Barcelonas biggest challenge will be price and Intels move to 45nm. It will be superior in a number of areas, but the business customer will be the deciding factor in it all. The scary part is AMD needs results quickly.


By Oxygenthief on 6/1/2007 5:33:59 AM , Rating: 2
I am sure they are all great people there but if I can't understand someone's broken english its not good customer/tech support.

If Dell wants to hire someone from Mali, India, Iraq, or some other god forsaken place to build components or systems I could give a rats ass. As long as the component or system did what it was supposed to who cares right?

Now take that same mentality and apply it towards Dell's current tech/customer support system. I, along with most others, cannot understand half of what is said over the phone. Thus it is not a very good service being provided. And we aren't talking about mom and pop customer/tech support, we are talking about tier 1 support here.

Would anyone accept a system that had half its components damaged upon delivery??? NO! They would RMA the POS back to Dell. Let's hope Dell has finally conceided to the thousands of complaints on this issue.




By TomZ on 6/1/2007 7:32:03 AM , Rating: 2
quote:
I am sure they are all great people there but if I can't understand someone's broken english its not good customer/tech support.

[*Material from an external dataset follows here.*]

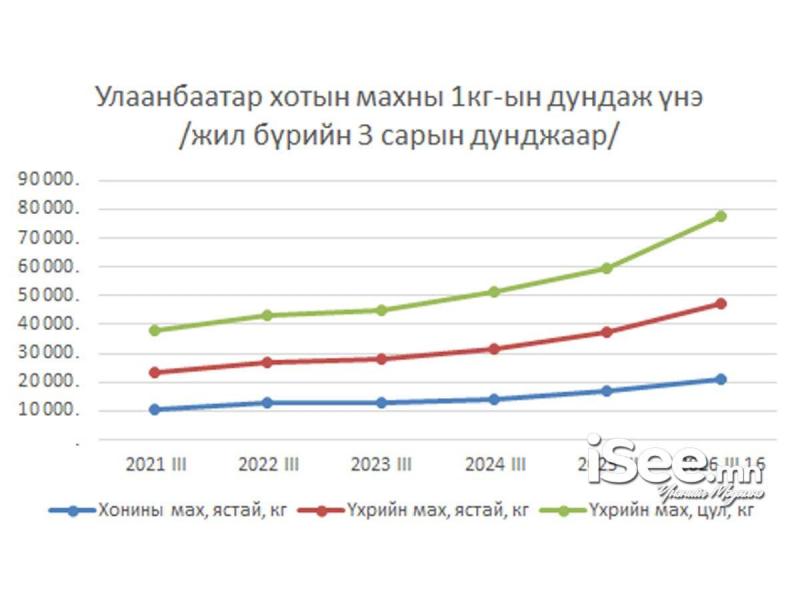 Официальная статистика говорит, что средняя цена говядины без костей превысила 30 тысяч тугриков за килограмм. За год рост составил почти 25%. Подорожали и другие виды мяса. Баранина и говядина на кости прибавили несколько тысяч тугриков, а цены на конину в некоторых торговых точках выросли в полтора раза. Для местного населения это ощутимый скачок, который напрямую влияет на повседневное питание.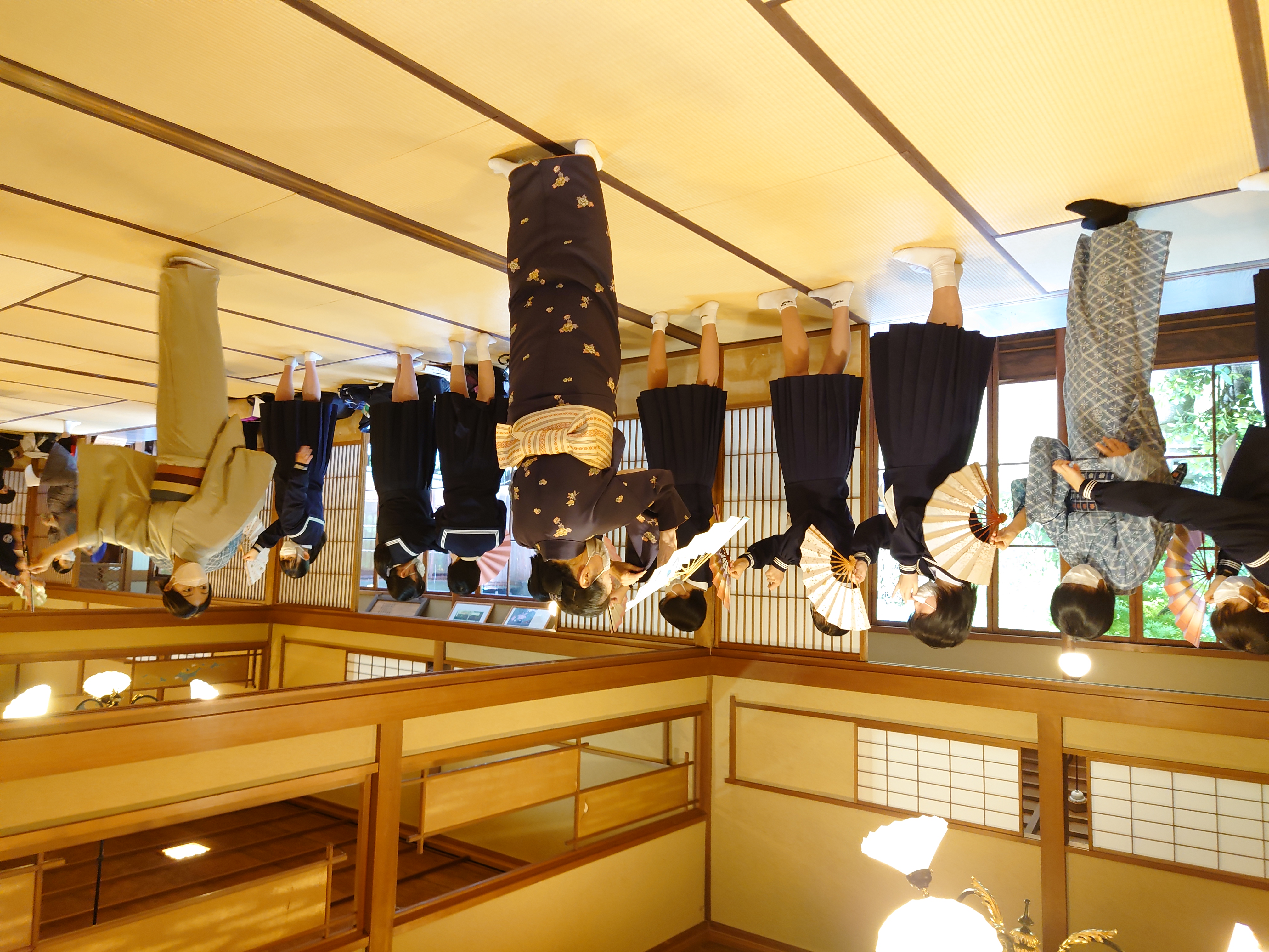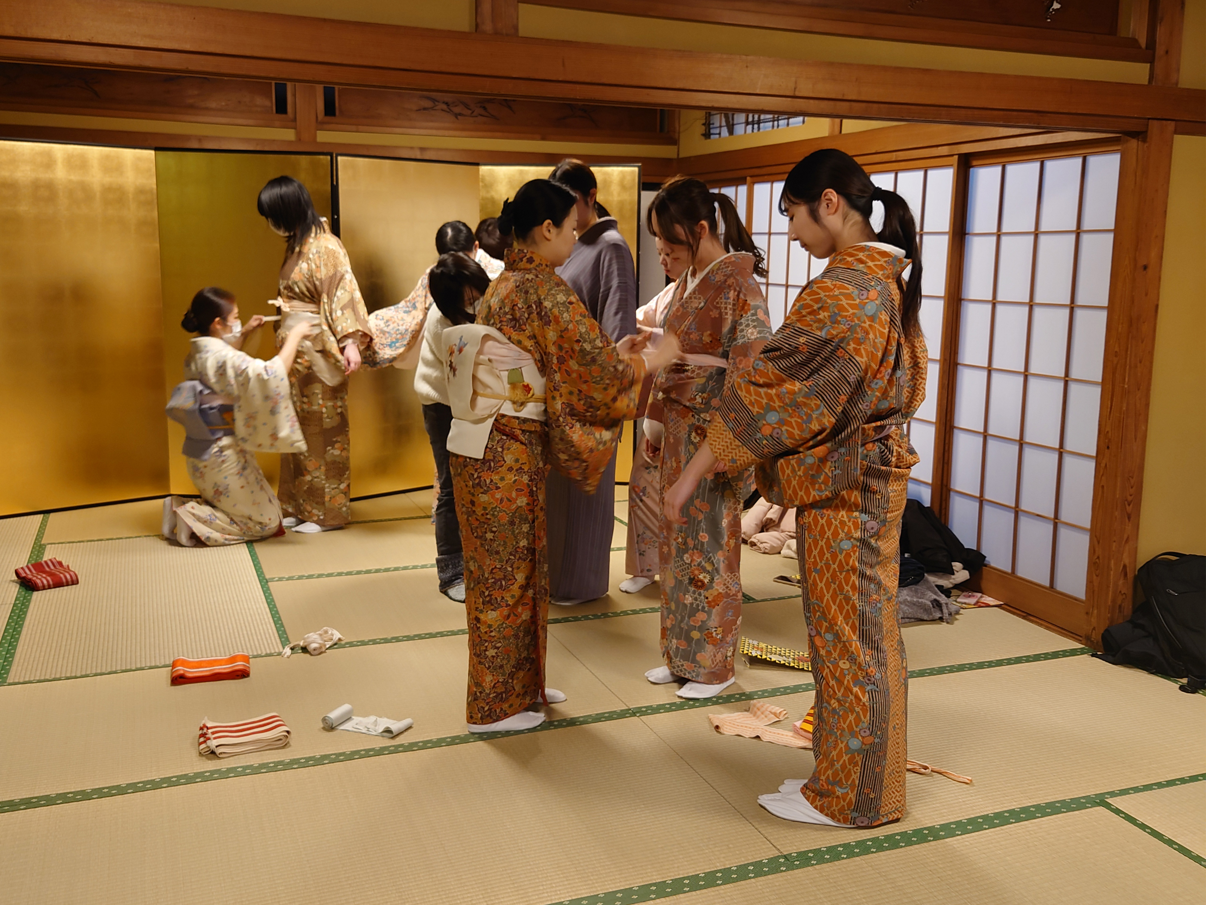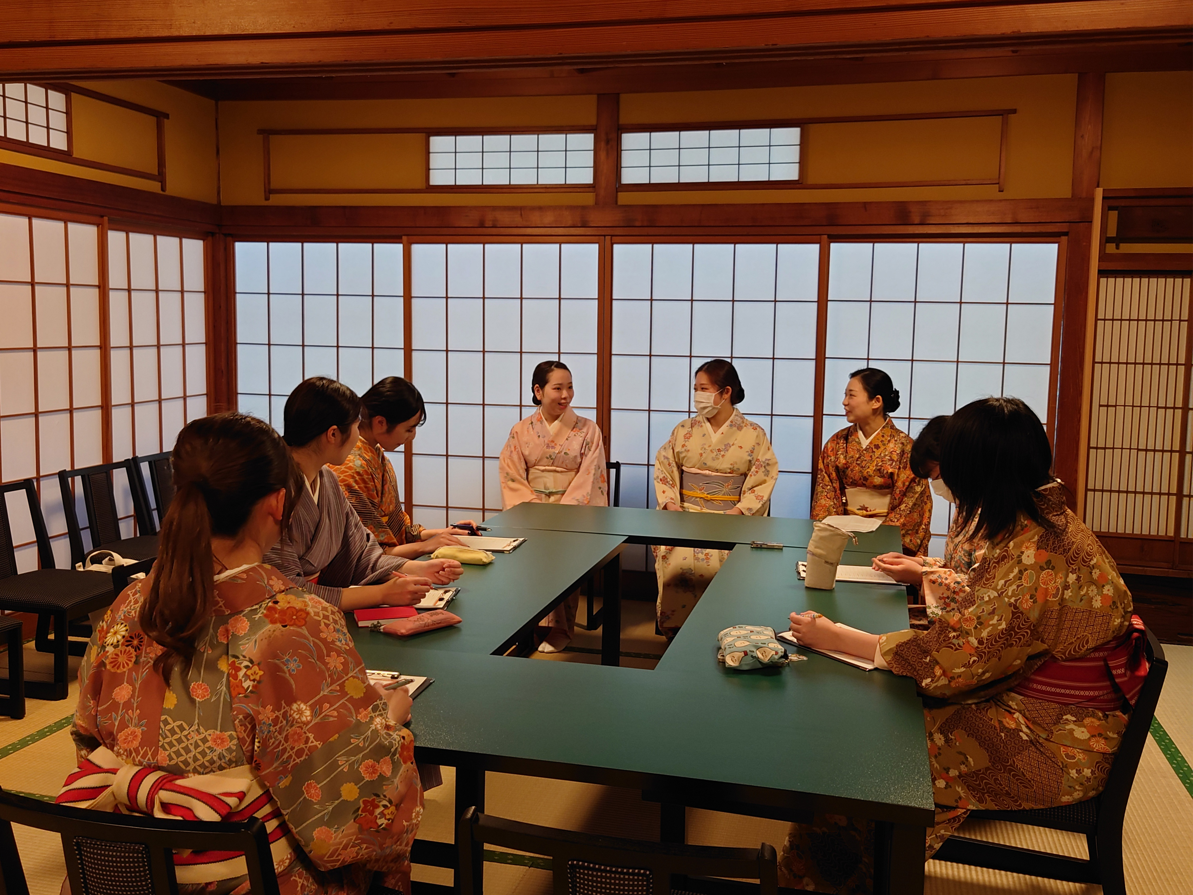 参加者からの質問に現役の古町芸妓が答えます。記念撮影も実施。和装での立ち姿の撮られ方についても学びます。着替えに際しては、着物のたたみ方をレクチャー。

I noticed on Gateway's site the other day that they say they have all US-based support. I thought that was interesting.


80% Commercial
By Brovane on 6/2/2007 9:42:39 PM , Rating: 2
80% of Dell's business comes from businesses. Home users is only a miniority part of Dell's business. From the commercial side I have been overall very happy with Dell's business machines and servers. Basically the real money is selling to Businesses not home users. From me personally I use nothing but Dell at home myself. With 4 year warranties with complete care and two young children in the house no worries on my part. I think when some people compare prices they forget to add in the warranties that Dell can offer. Is Dell perfect no, but no computer company is either. Overall Dell's manufacturing process is incredible. I went on a tour of there manufacturing facility in Round Rock and I was very impressed with there efficiency of production. It is incredible what you can do with only 200,000 sq/ft of factory floor.




Cost Complexity
By wallijonn on 6/4/2007 11:59:38 AM , Rating: 2
quote:
"Our strategic intent is to simplify information technology for our customers by removing cost and complexity," said Chairman and CEO Michael Dell.


How is it that if you buy directly from a manufacturer that you have to wait weeks for a rebate? Why not do away with the complexity by just reducing the price right on the website and foregoing rebates entirely?